My background is chemistry and I was exploring some one dimensional deconvolution problems i.e., resolution of two or more overlapping peaks. A lot of excellent work was done in the 1970-80s. However, I wanted to clarify a conceptual point or proper mathematical nomenclature since most of these signal deconvolution problems are not written by mathematicians. Starting from convolution integral, the typical starting discussion is:
$$ C(E)=\int_{-\infty}^{\infty} W\left(E^{\prime}\right) R\left(E-E^{\prime}\right) \mathrm{d} E^{\prime} $$ with $$ \int_{-\infty}^{\infty} R(E) \mathrm{d} E=1 $$
where $E$ and $E^{\prime}$ denote the radiation energy; $C(E)$, $E(E)$ and $R(E)$ mean the observed spectrum, the intrinsic distribution and the response function, respectively. The goal is to obtain true distribution is obtained from deconvoluting the observed spectrum with the response function.
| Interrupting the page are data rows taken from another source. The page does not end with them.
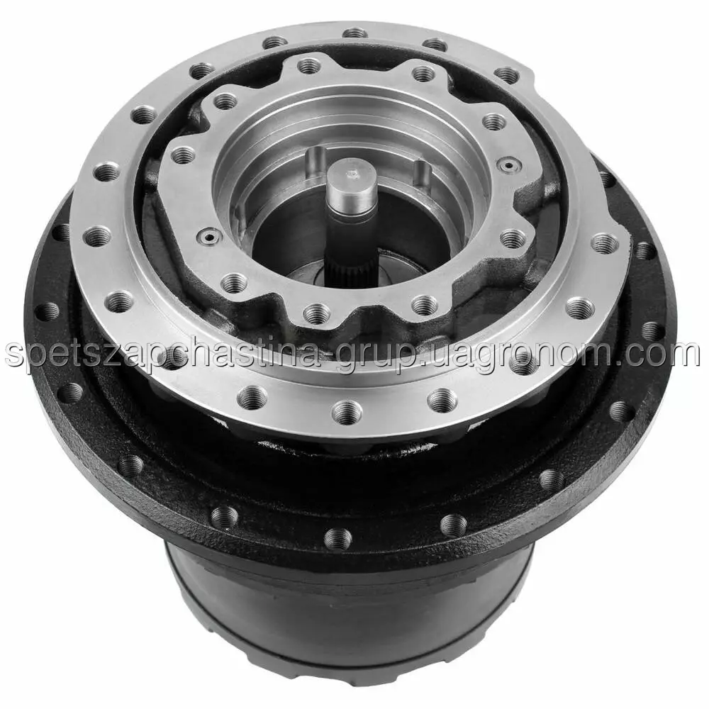 Ходовий редуктор без гідромотора в зборі для екскаватора Хітачі ZX 240 Опис: У екскаватора HITACHI 240 привод гусеничної стрічки відбувається за допомогою планетарного редуктора, встановленого в візку гідравлічного мотора. Корпус гідромотора з'єднується із корпусом редуктора, створюючи одне ціле. Таким чином, на лівий і правий ходовий візок припадають по одному редуктору та гідромотору. Редуктор виконаний таким чином, що частина корпусу є вихідною ланкою. До цієї частини корпусу кріпиться провідне колесо («зірочка») за допомогою болтів. редуктор ходу із гідромотором у зборі на екскаватор. Для замовлення ходового редуктора на екскаватор HITACHI ZX210  потрібно зателефонувати нам.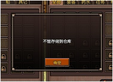 如果出现不能存放的物品会出现“不能存储到仓库”此提示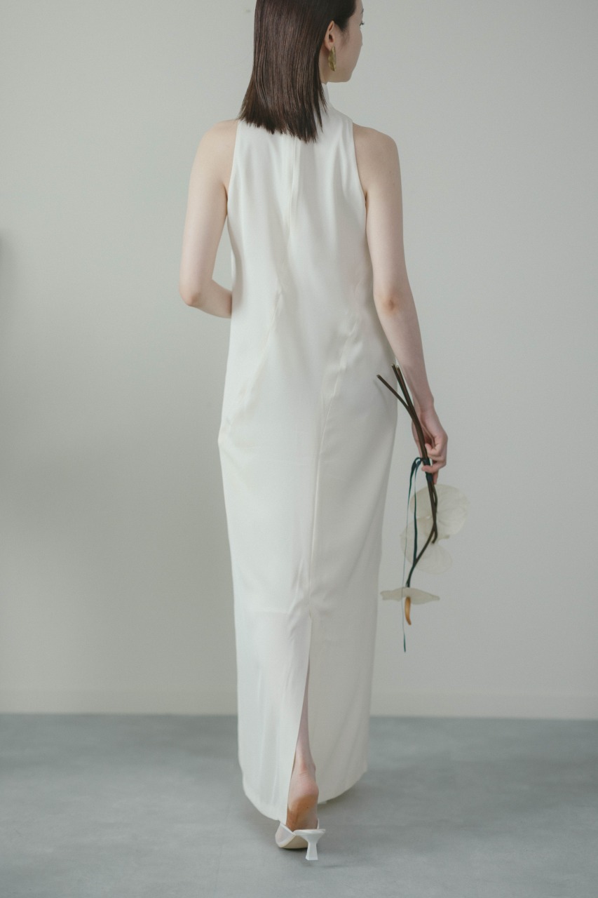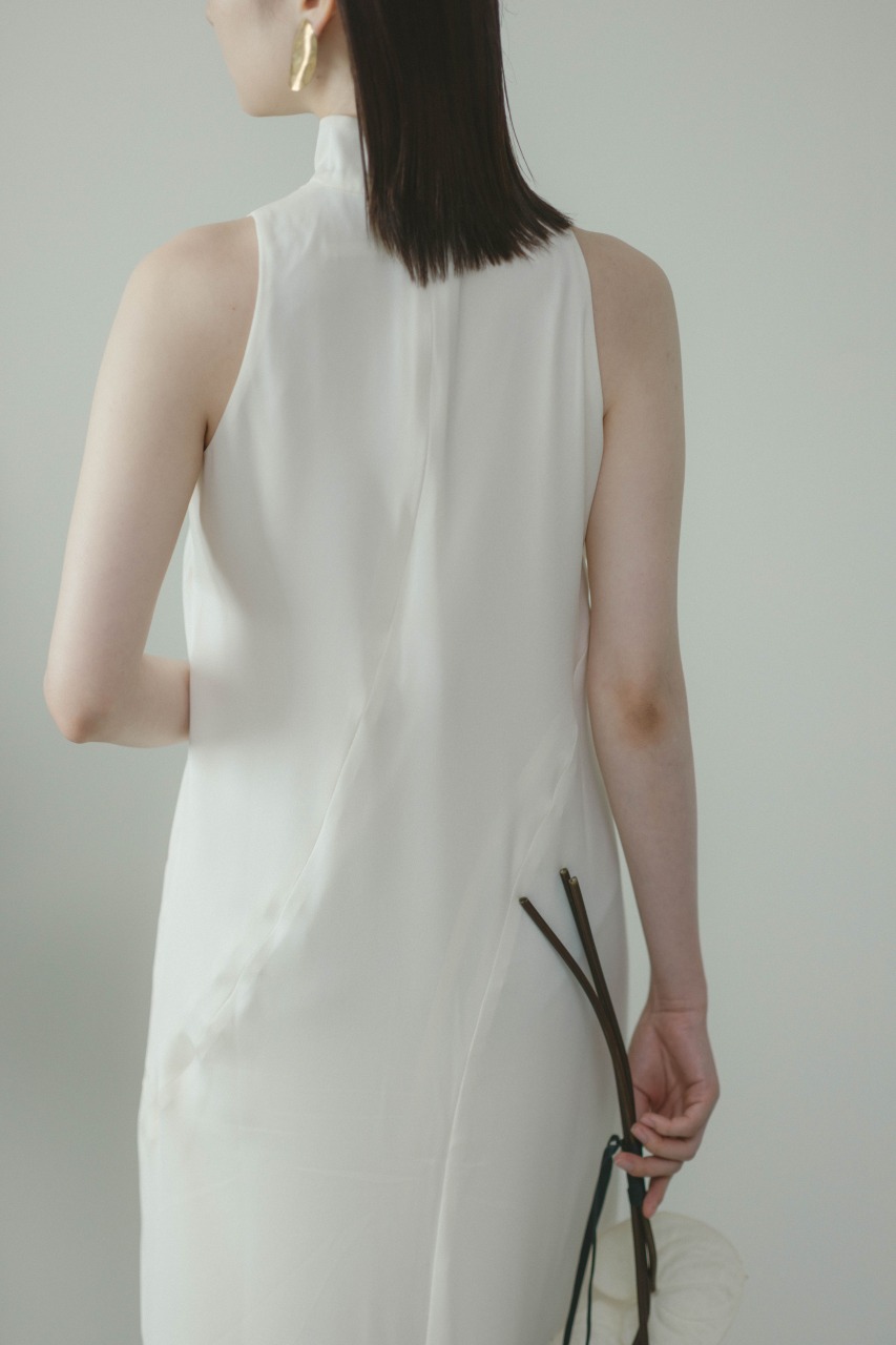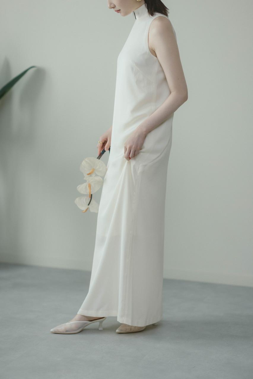 - 首元は詰まったハイネックデザインで、上品さと落ち着きを感じさせる一着。 シンプルなIラインのシルエットは、すっきりとした印象を与えながらもどこかリラックス感があり、普段着の延長のように自然にまとえるドレスです。さりげないおしゃれを楽しみたい方におすすめです。

Most authors then switch to the following matrix equation, $$ \mathrm{C}=R W $$ where $R$ is a square matrix, and $C$ and $W$ are column vectors which correspond to the observed spectrum after background subtraction and to the intrinsic distribution, respectively.
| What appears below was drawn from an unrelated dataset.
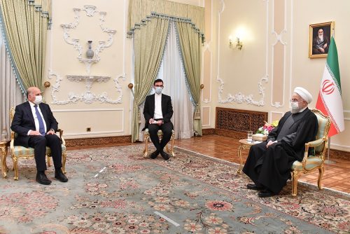 وتباحث حسين مع الرئيس روحاني، وجرى خلال اللقاء إستعراض مسار العلاقات بين البلدين وسُبُل دعمها على الصُعُد كافة، وتذليل المعوقات التي تعترض المصالح المشتركة، وتمحور الحديث في هذا اللقاء على العلاقات الاقتصادية في المجالات المختلفة، منها الطاقة الكهربائية وفي المجالين التجاري والمصرفي، وتباحث الجانبان بما يعترض المعاملات المصرفية من صعوبات وكيفية إزالة تلك العقبات.

(i) My understanding is that convolution by matrices is a circular convolution and this is done by circulant matrices. Is there a matrix formulation that is meant for linear convolution, or zero padding is the only way to obtain linear convolution out of circulant matrices? I mean is there a special matrix, besides circulant matrix, which performs linear convolution?
(ii) Sometimes the name Toepltiz matrix is used in deconvolution problems. Should we call $R$ a circulant matrix or a Toeplitz matrix?
I would appreciate a readible reference on this topic.